Automatic differentiation

Author

Marie-Hélène Burle

PyTorch has automatic differentiation capabilities—meaning that it can track all the operations performed on tensors during the forward pass and compute all the gradients automatically for the backpropagation—thanks to its package torch.autograd.

Let’s have a look at this.

Some definitions

Derivative of a function:
Rate of change of a function with a single variable w.r.t. its variable.

Partial derivative:
Rate of change of a function with multiple variables w.r.t. one variable while other variables are considered as constants.

Gradient:
Vector of partial derivatives of function with several variables.

Differentiation:
Calculation of the derivatives of a function.

Chain rule:
Formula to calculate the derivatives of composite functions.

Automatic differentiation:
Automatic computation of partial derivatives by algorithms.

Tracking computations

PyTorch does not track all the computations on all the tensors (this would be extremely memory intensive!). To start tracking computations on a vector, set the requires_grad attribute to True:

import torch

x = torch.ones(2, 4, requires_grad=True)
x

tensor([[1., 1., 1., 1.],
        [1., 1., 1., 1.]], requires_grad=True)

The `grad_fun` attribute

Whenever a tensor is created by an operation involving a tracked tensor, it has a grad_fun attribute:

y = x + 1
y

tensor([[2., 2., 2., 2.],
        [2., 2., 2., 2.]], grad_fn=<AddBackward0>)

y.grad_fn

<AddBackward0 at 0x7f28d4d2ce80>

Judicious tracking

You don’t want to track more than is necessary. There are multiple ways to avoid tracking what you don’t want.

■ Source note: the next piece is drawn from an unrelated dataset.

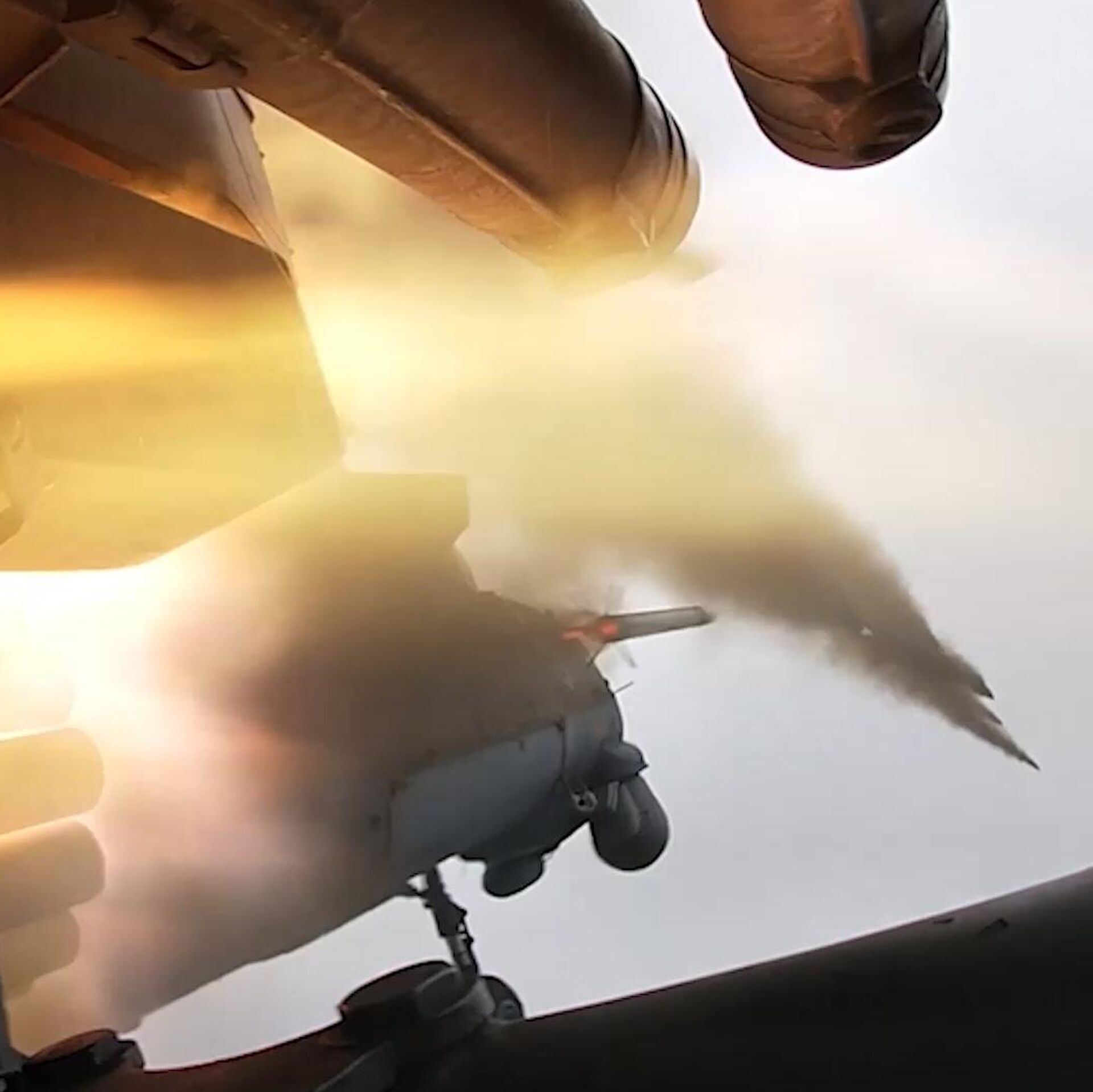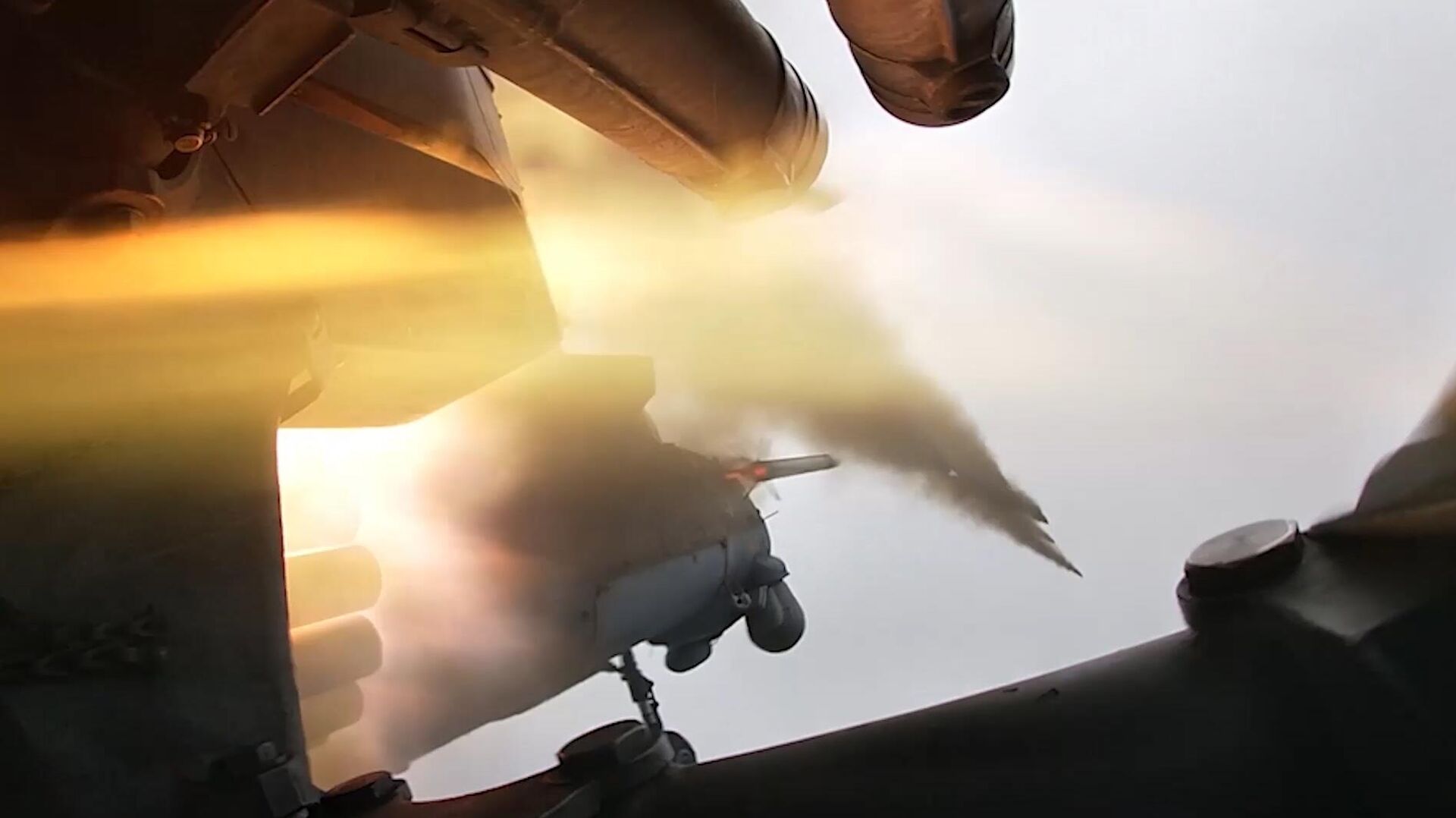 Кроме того, ведомство опубликовало видеоролик, в котором показано, как ракеты загружаются пусковую установку на подвесе вертолёта. Также демонстрируются полёт винтокрылой машины и нанесение удара. Можно видеть, куда попадают ракеты из залпа Ми-35М.

You can stop tracking computations on a tensor with the method detach:

tensor([[1., 1., 1., 1.],
        [1., 1., 1., 1.]], requires_grad=True)

x.detach_()

tensor([[1., 1., 1., 1.],
        [1., 1., 1., 1.]])

You can change its requires_grad flag:

x = torch.zeros(2, 3, requires_grad=True)
x

tensor([[0., 0., 0.],
        [0., 0., 0.]], requires_grad=True)

x.requires_grad_(False)

tensor([[0., 0., 0.],
        [0., 0., 0.]])

Alternatively, you can wrap any code you don’t want to track under with torch.no_grad():

x = torch.ones(2, 4, requires_grad=True)

with torch.no_grad():
    y = x + 1

y

tensor([[2., 2., 2., 2.],
        [2., 2., 2., 2.]])

Compare this with what we just did above.

Calculating gradients

Let’s imagine that $x$ , $y$ , and $z$ are tensors containing the parameters of a model and that the error $e$ could be calculated with the equation:

$e = 2 x^{4} - y^{3} + 3 z^{2}$

Manual derivative calculation

Let’s see how we would do this manually.

First, we need the model parameters tensors:

x = torch.tensor([1., 2.])
y = torch.tensor([3., 4.])
z = torch.tensor([5., 6.])

We calculate $e$ following the above equation:

e = 2*x**4 - y**3 + 3*z**2

The gradients of the error $e$ w.r.t. the parameters $x$ , $y$ , and $z$ are:

$\frac{d e}{d x} = 8 x^{3}$ $\frac{d e}{d y} = - 3 y^{2}$ $\frac{d e}{d z} = 6 z$

We can calculate them with:

gradient_x = 8*x**3
gradient_x

tensor([ 8., 64.])

gradient_y = -3*y**2
gradient_y

tensor([-27., -48.])

gradient_z = 6*z
gradient_z

tensor([30., 36.])

Automatic derivative calculation

For this method, we need to define our model parameters with requires_grad set to True:

x = torch.tensor([1., 2.], requires_grad=True)
y = torch.tensor([3., 4.], requires_grad=True)
z = torch.tensor([5., 6.], requires_grad=True)

$e$ is calculated in the same fashion (except that here, all the computations on $x$ , $y$ , and $z$ are tracked):

e = 2*x**4 - y**3 + 3*z**2

The backward propagation is done automatically with:

e.backward(torch.tensor([1., 1.]))

And we have our 3 partial derivatives:

print(x.grad)
print(y.grad)
print(z.grad)

tensor([ 8., 64.])
tensor([-27., -48.])
tensor([30., 36.])

Comparison

The result is the same, as can be tested with:

8*x**3 == x.grad

tensor([True, True])

-3*y**2 == y.grad

tensor([True, True])

6*z == z.grad

tensor([True, True])

Of course, calculating the gradients manually here was extremely easy, but imagine how tedious and lengthy it would be to write the chain rules to calculate the gradients of all the composite functions in a neural network manually.